REPUBLIKA.CO.ID, YOGYAKARTA — Peredaran minuman keras (miras) dilaporkan marak terjadi akhir-akhir ini di Daerah Istimewa Yogyakarta (DIY). Sejumlah organisasi masyarakat yang ada di DIY yakni Majelis Ulama Indonesia (MUI), Muhammadiyah, dan Nahdlatul Ulama (NU) bersama-sama memberikan pernyataan tentang darurat miras pada September 2024.
Anggota Pimpinan Majelis Tarjih dan Tajdid PP Muhammadiyah, Ali Yusuf pun membahas terkait miras ini dalam kajian rutin yang digelar di Universitas Ahmad Dahlan (UAD). Ali pun menekankan terkait bahaya dan pengharaman miras atau kadang disebut khamar.
Ali mengatakan, miras yang mengandung alkohol dengan kadar tinggi dapat menyebabkan mabuk. Di dalam Qamus Al-Muhith, katanya, khamar juga sesuatu yang menutupi akal dan menghalangi fungsi normal akal.
“Kemudian di dalam Fathul Bari, khamar adalah segala sesuatu yang memabukkan dari minuman tanpa memandang asal bahan pembuatnya,” kata Ali dalam keterangan UAD, Rabu (9/10/2024).
Dikatakan Ali, pada zaman jahiliyah, orang-orang sudah terbiasa dengan minuman khamar. Bahkan, khamar dijadikan sebagai minuman untuk suguhan tamu, dan sahabat Nabi pun ada yang pernah meminum khamar.
“Sehingga ketika proses mengharamkan khamar itu tidak bisa sekaligus, tetapi dilaksanakan secara bertahap. Maka dapat diambil faedah bahwa ketika berdakwah pun harus bertahap,” ucap Ali.
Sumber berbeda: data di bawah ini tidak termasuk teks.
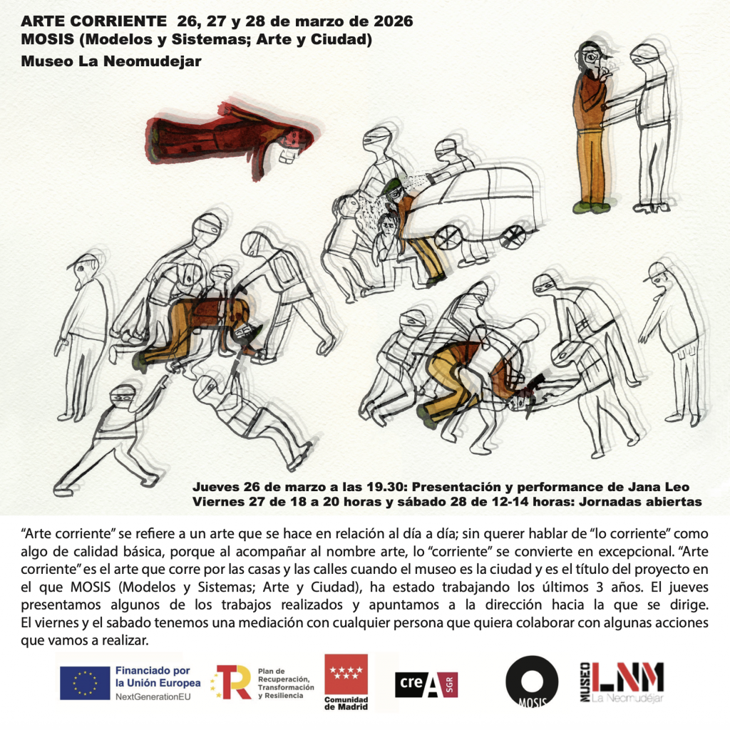 “Arte corriente” se refiere a un arte que se hace en relación al día a día; sin querer hablar de “lo corriente” como algo de calidad básica, porque al acompañar al nombre arte, lo “corriente” se convierte en excepcional. “Arte corriente” es el arte que corre por las casas y las calles cuando el museo es la ciudad y es el título del proyecto en el que MOSIS (Modelos y Sistemas; Arte y Ciudad), ha estado trabajando los últimos 3 años. En esta ocasión presentamos algunos de los trabajos realizados y apuntamos a la dirección hacia la que se dirige.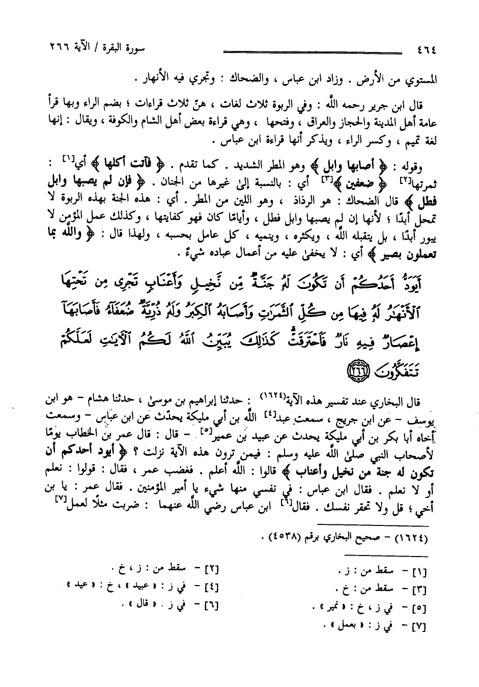قَالَ الْبُخَارِيّ عِنْد تَفْسِير هَذِهِ الْآيَة : حَدَّثَنَا إِبْرَاهِيم بْن مُوسَى حَدَّثَنَا هِشَام هُوَ اِبْن يُوسُف عَنْ اِبْن جُرَيْج سَمِعْت عَبْد اللَّه بْن أَبِي مُلَيْكَة يُحَدِّث عَنْ اِبْن عَبَّاس وَسَمِعْت أَخَاهُ أَبَا بَكْر بْن أَبِي مُلَيْكَة يُحَدِّث عَنْ عُبَيْد بْن عُمَيْر قَالَ : قَالَ عُمَر بْن الْخَطَّاب يَوْمًا لِأَصْحَابِ النَّبِيّ - صَلَّى اللَّه عَلَيْهِ وَسَلَّمَ - فِيمَنْ تَرَوْنَ هَذِهِ الْآيَة نَزَلَتْ ؟ " أَيَوَدُّ أَحَدُكُمْ أَنْ تَكُون لَهُ جَنَّة مِنْ نَخِيل وَأَعْنَاب " قَالُوا : اللَّه أَعْلَم فَغَضِبَ عُمَر فَقَالَ : قُولُوا نَعْلَم أَوْ لَا نَعْلَم فَقَالَ اِبْن عَبَّاس : فِي نَفْسِي مِنْهَا شَيْء يَا أَمِير الْمُؤْمِنِينَ فَقَالَ عُمَر : يَا اِبْن أَخِي قُلْ وَلَا تَحْقِر نَفْسك فَقَالَ اِبْن عَبَّاس رَضِيَ اللَّه عَنْهُمَا ضُرِبَتْ مَثَلًا بِعَمَلٍ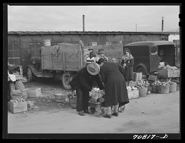 Lee, Russell. [Untitled photo, possibly related to: Farmers’ market. Boise, Idaho]. Photograph. November 1941. Library of Congress (2017816356). https://www.loc.gov/item/2017816356/.

Ali menjelaskan, pengharaman khamar memiliki empat fase. Pertama yakni sikap netral yang tidak langsung mengharamkan khamar.
Fase kedua, Allah mulai memberikan arahan untuk menghindari perkara-perkara yang mendatangkan mudarat yakni khamar dan maisir (perjudian). Fase ketiga, lanjutnya, larangan shalat dalam keadaan mabuk.
“Fase keempat adalah pengharaman khamar secara total,” jelasnya.
Ali juga menekankan terkait dampak negatif miras. Mulai dari dampak yang bisa merusak banyak organ tubuh seperti jantung, paru-paru, ginjal, hingga saraf.
Termasuk melemahkan daya pikir, serta gangguan jiwa, menjadi boros, dan lalai terhadap nafkah keluarga. “(Mengonsumsi) Miras juga bisa menimbulkan perselisihan, serta sebagai penyebab malas ibadah, dan sumber keburukan,” ungkap Ali.
Seperti diketahui, MUI DIY, Muhammadiyah, dan NU menyatakan sikap menolak miras, antimiras, dan peredarannya pada 20 September 2024. Pernyataan sikap itu dikeluarkan menyusul penjualan miras yang semakin membahayakan, dengan banyaknya outlet-outlet penjual miras yang legal maupun ilegal. “Bahkan warung-warung kecil pun disisipi dengan berjualan miras,” jelasnya.